Expert Tips & Tricks

It only takes 30 minutes to get this easy chickenless chicken noodle soup on the table. That said, you know I’ve got plenty of tips for you:

  • Don’t forget to garnish! Whether that means topping your bowl with fresh parsley or cilantro, fresh cracked pepper, crumbled crackers, or homemade croutons, an edible garnish is an easy way to make your bowl of soup feel extra special.
  • Cook the noodles (or rice or potatoes) separately. There’s nothing quite so disappointing as overcooked pasta or mushy rice or potatoes. Do yourself a favor and keep your starches separate until you’re ready to serve.
  • Raid the freezer aisle to save time! Frozen onions, carrots, and celery often come in a bag together, but even if you buy them all separately, they’re already prepped and ready to use!

Storing & Freezing Instructions

Store the noodles and soup in separate containers to prevent the noodles from getting soggy. They’ll keep well in the fridge for up to 4 days.

You can also freeze the soup with or without the noodles by adding it to an airtight container. Let it thaw in the fridge overnight and reheat in a pot on the stove or in the microwave before stirring in or serving over the cooked noodles.

FAQs

What is the best pasta for soup?

Any small, bite-sized pasta noodles will work in vegetable soup. You can even use a gluten free version if you wish! Make sure they’re egg-free noodles to keep this recipe vegan.

How do you make noodles not soggy in soup? 

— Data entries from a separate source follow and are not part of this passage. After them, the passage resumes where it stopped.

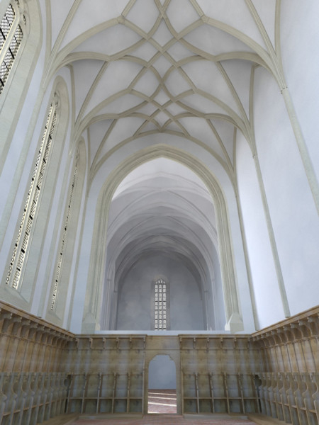 Az előkerült több mint száz kőelem alapján hitelesen rekonstruálni tudták a hálóboltozat formáját és elkészítették a rajzi rekonstrukciót. E munka során kiderült, hogy a visegrádi szentélyboltozat alaprajzának másolatai több példányban is fennmaradtak a bécsi Szent István-templom, azaz Stephanskirche középkori építőműhelyének máig megőrzött középkori tervrajzgyűjteményében.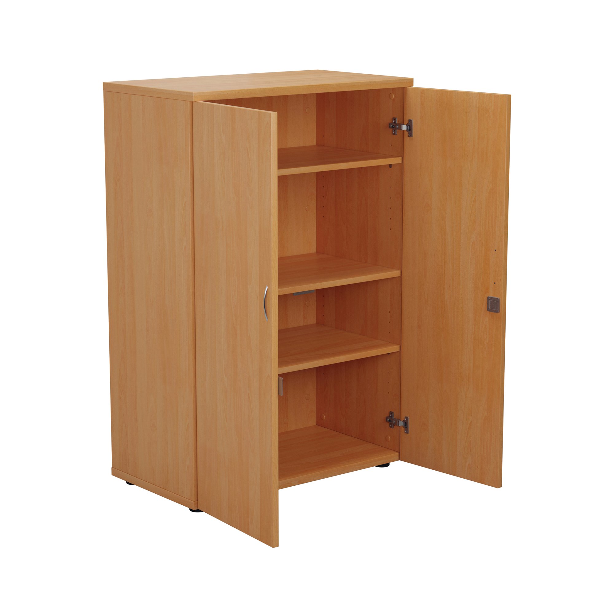 This First Cupboard provides a convenient storage solution for organised office filing. Complete with three shelves, this cupboard is suitable for filing and storing lever arch and box files and includes two lockable doors. The cupboard measures W800 x D450 x H1200mm and comes in a beech finish to complement the First furniture range.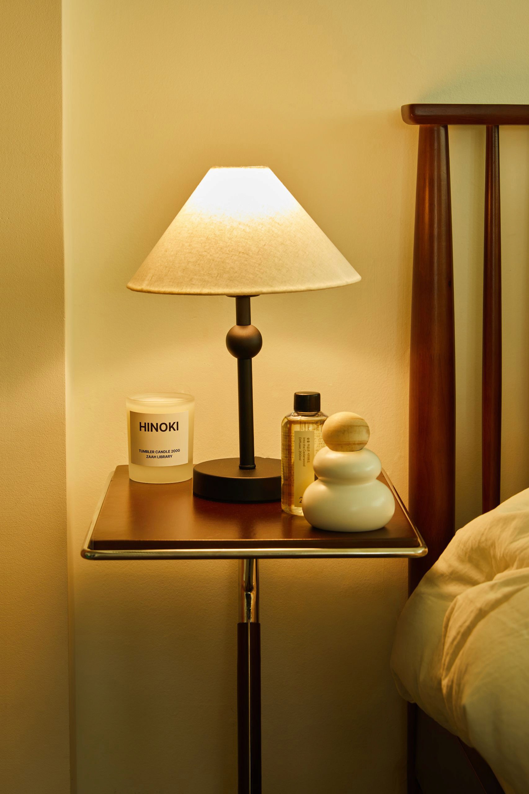 아늑한 빛, 감미로운 향, 그리고 그를 한자리에 모아 줄 테이블까지. 눈 감기 전 완전한 릴랙스를 만들어 줄 램프와 인센스, 디퓨저와 캔들을 사이드 테이블과 매치하세요.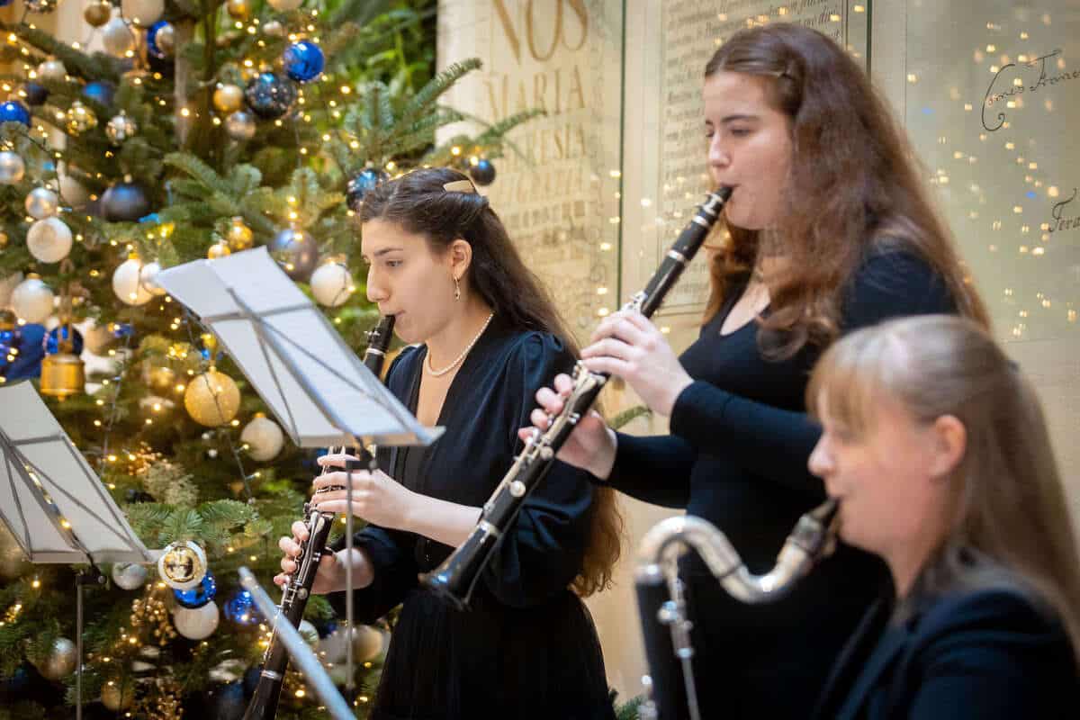 A Karácsonyi teán a Medikus Zenekar Mozart egyik triójának két tételét, valamint karácsonyi dalokat, a Semmelweis Egyetem Kórus kamarakórusa Irving Berlin White Christmas és Wolfgang Kelber Glorious Kingdom című darabját adta elő.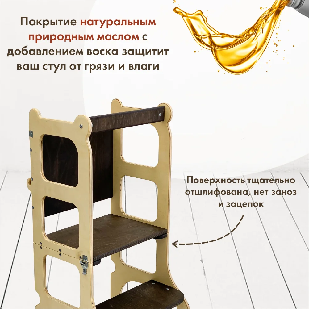 A universal assistant in your house is the tower of a small assistant for the baby.The tower is designed according to the method of education of Maria Montessori for children from 1 year to 4 years.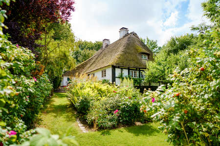 Beautiful Schlei region in Germany, Schleswig Holstein. German landscape in summer. Schlei river and typical houses with thatching, water reed roofs. Sieseby village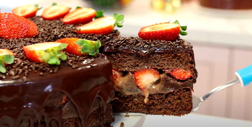 Confira uma nova receita de bolo de chocolate com recheio de brigadeiro e cobertura de morango para fazer em poucos passos. A preparação foi compartilhada recentemente no YouTube pelo canal Receitas da Cris.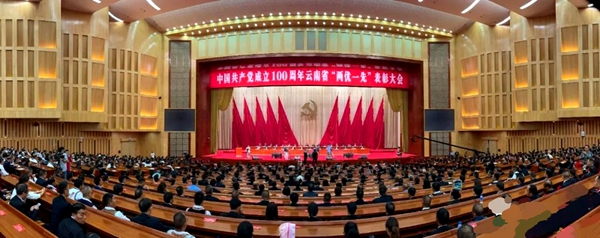 云南民族旅游網(wǎng)訊:6月25日下午,中國共產(chǎn)黨成立100周年云南省優(yōu)秀共產(chǎn)黨員、優(yōu)秀黨務(wù)工作者、先進(jìn)基層黨組織表彰大會(huì)在昆明隆重舉行。會(huì)議強(qiáng)調(diào),要深入學(xué)習(xí)貫徹習(xí)近平新時(shí)代中國特色社會(huì)主義思想和習(xí)近平總書記考察云南重要講話精神,動(dòng)員激勵(lì)全省各級(jí)黨組織和廣大黨員干部,銘記奮斗歷程,擔(dān)當(dāng)歷史使命,匯聚起推動(dòng)云南高質(zhì)量發(fā)展、全面建設(shè)社會(huì)主義現(xiàn)代化的磅礴力量。
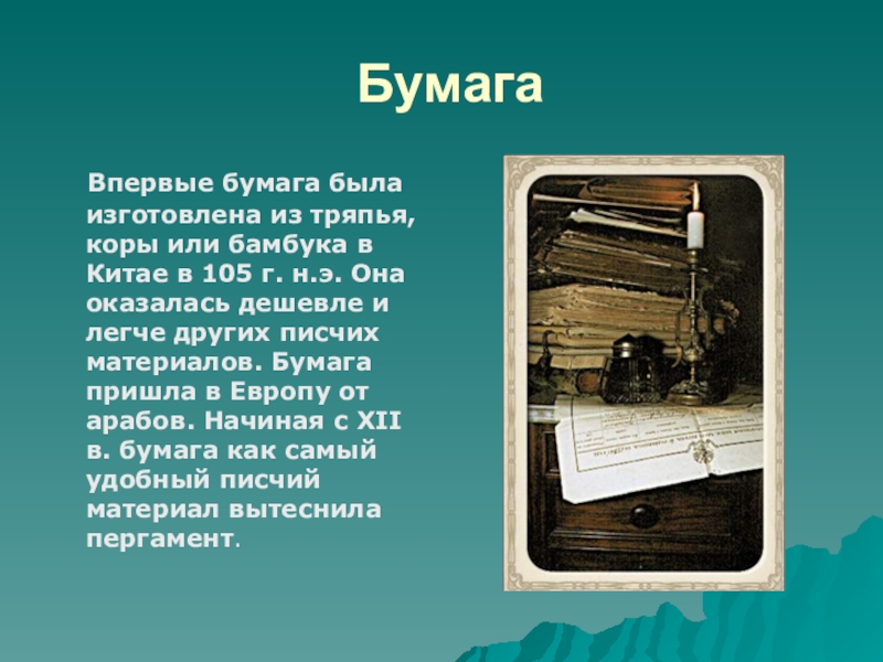 в Китае в 105 г. н.э. Она оказалась дешевле и легче других писчих материалов. Бумага пришла в Европу от арабов. Начиная с ХII в. бумага как самый удобный писчий материал вытеснила пергамент.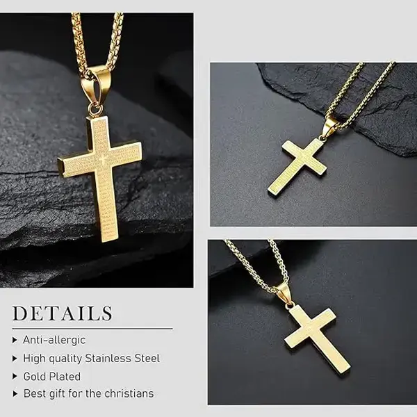 【Titanium Steel Material】Due to this material, it is rust-proof, does not fade, waterproof and sweat-resistant, it is very durable and strong. You don't have to worry about when and how you wear it. Always wear it. 【Cross Pendant Dimensions】Pendant Height:4.5cm x Width:2.8cm. 【Chain Length】Chain length: 60 cm, Chain width: 3 mm.【Ideal Gift】Perfect for men, boys, party gifts, birthday gifts, Easter, Christmas gifts, accessories for religious activities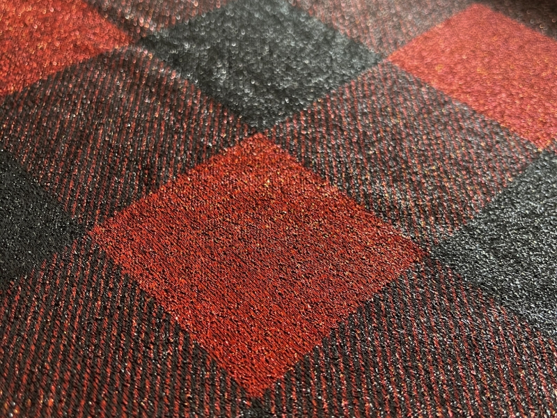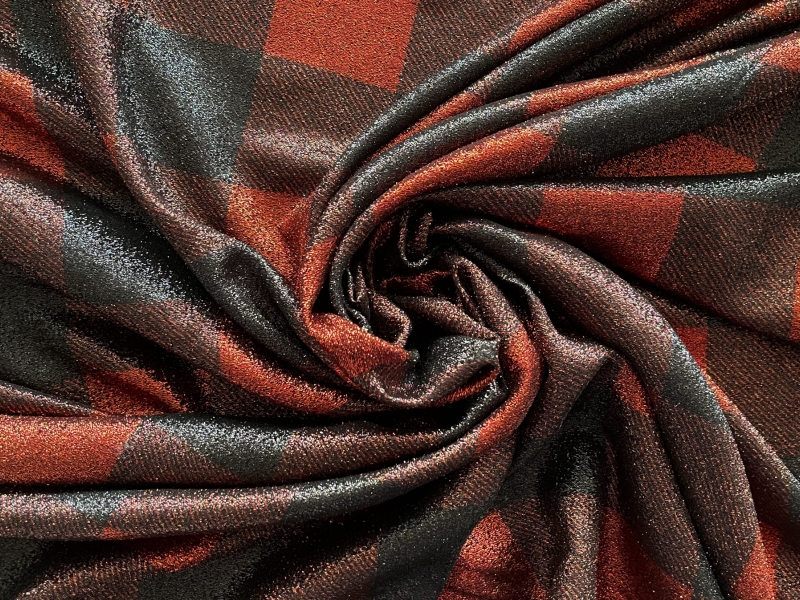 Made in Italy<br> Stretch Silk Lurex<br>In Oxblood Plaid Print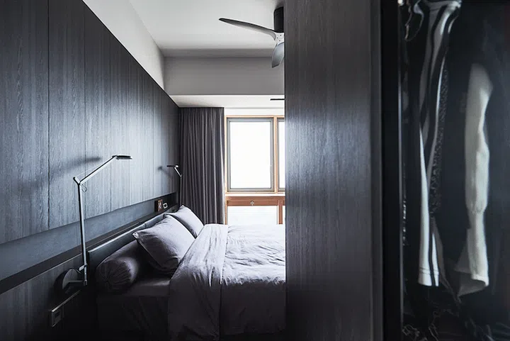 Despite the space constraint, Woon managed to incorporate a wardrobe designed like a walk-in closet in the master bedroom, with additional small display shelves on the other side to make the most of it.
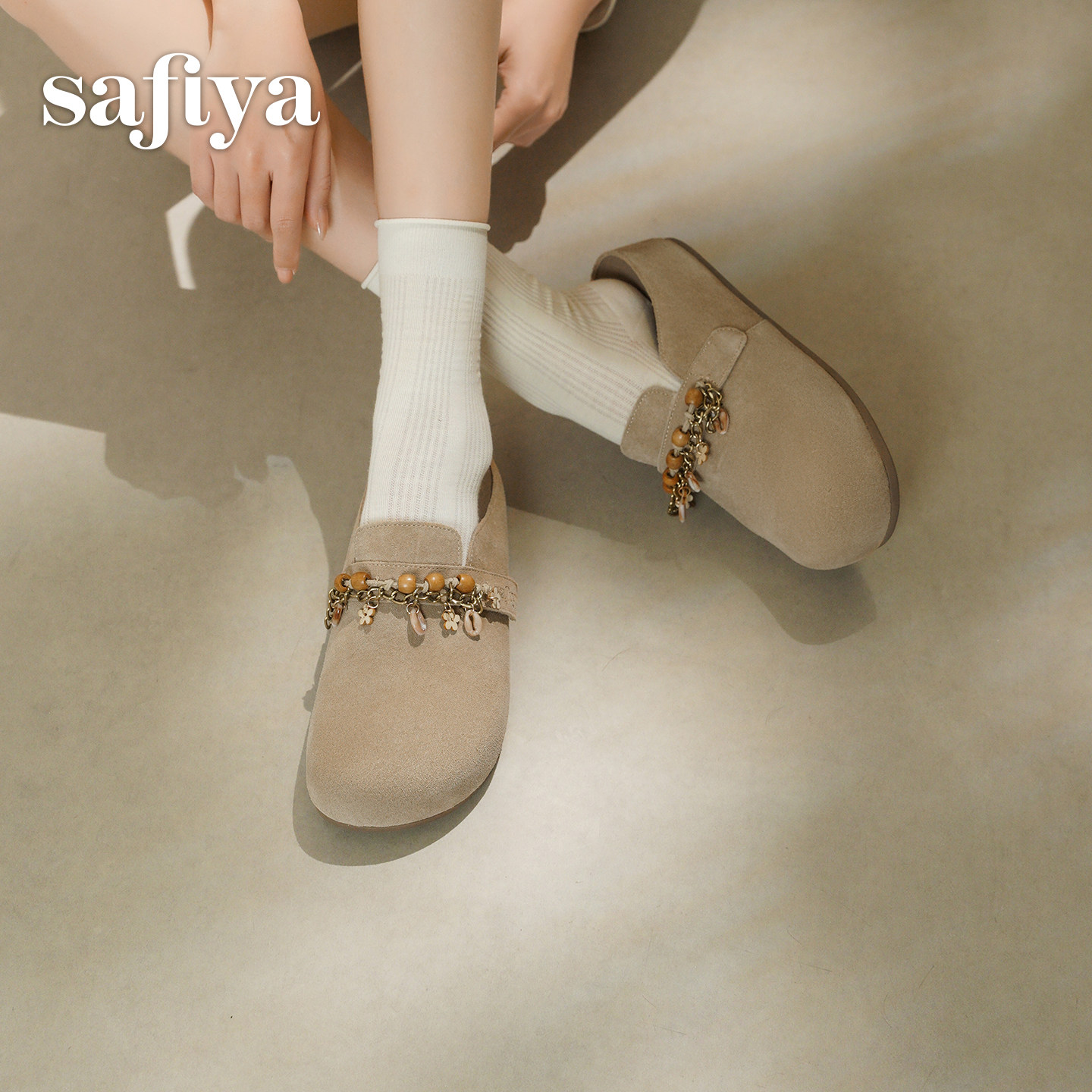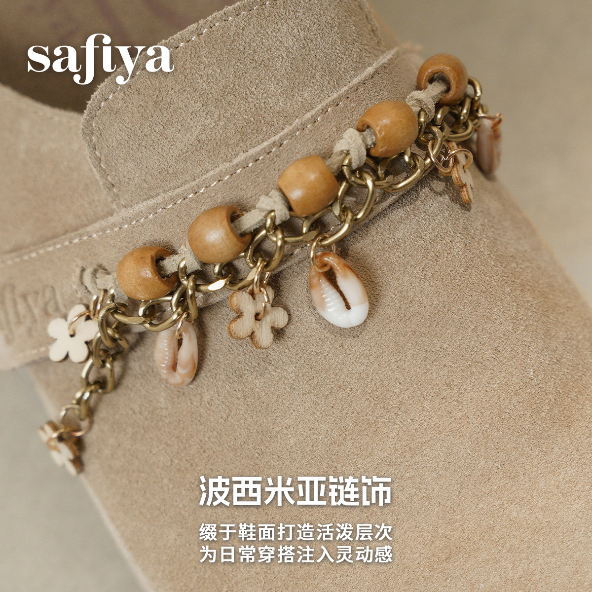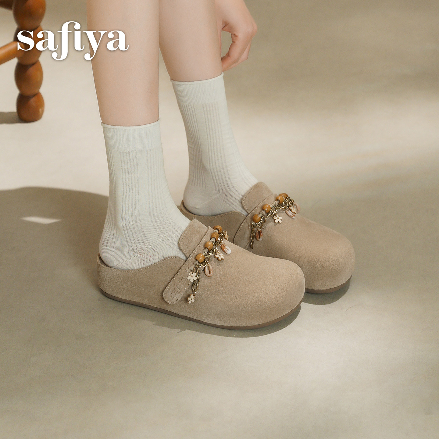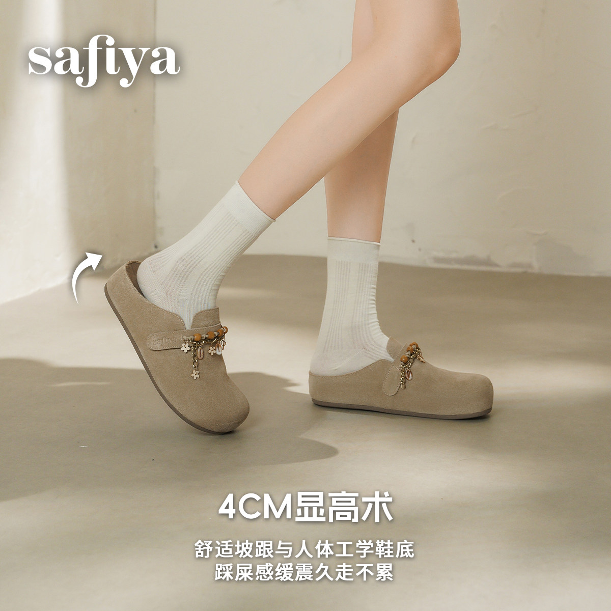 索菲娅2026春季新品木珠小花链条厚底包头半拖外穿百搭懒人勃肯鞋

By cooking the noodles separately from the soup. I like to add the noodles into individual bowls for serving first, and then pouring a ladle full of soup over top. This way, I can easily store both separately and the noodles stay firm.

Where can I buy soy curls?

You can buy soy curls online on Amazon or at your local health food store. Check the Butler Foods website to see if they’re available to you locally.

Are soy curls healthy?

Butler Foods soy curls are certified non-GMO and are also grown without chemical pesticides. They don’t contain any chemicals, additives, or preservatives. In fact, their only ingredient is whole soy beans.

That said, soy curls are more of a processed product (unlike tempeh or even tofu). As a nutritionist, I try to have most of my diet filled with unrefined foods like veggies, fruits, whole grains, and legumes but I don’t obsess over being perfect. It’s okay to have some fun meat alternatives sometimes too!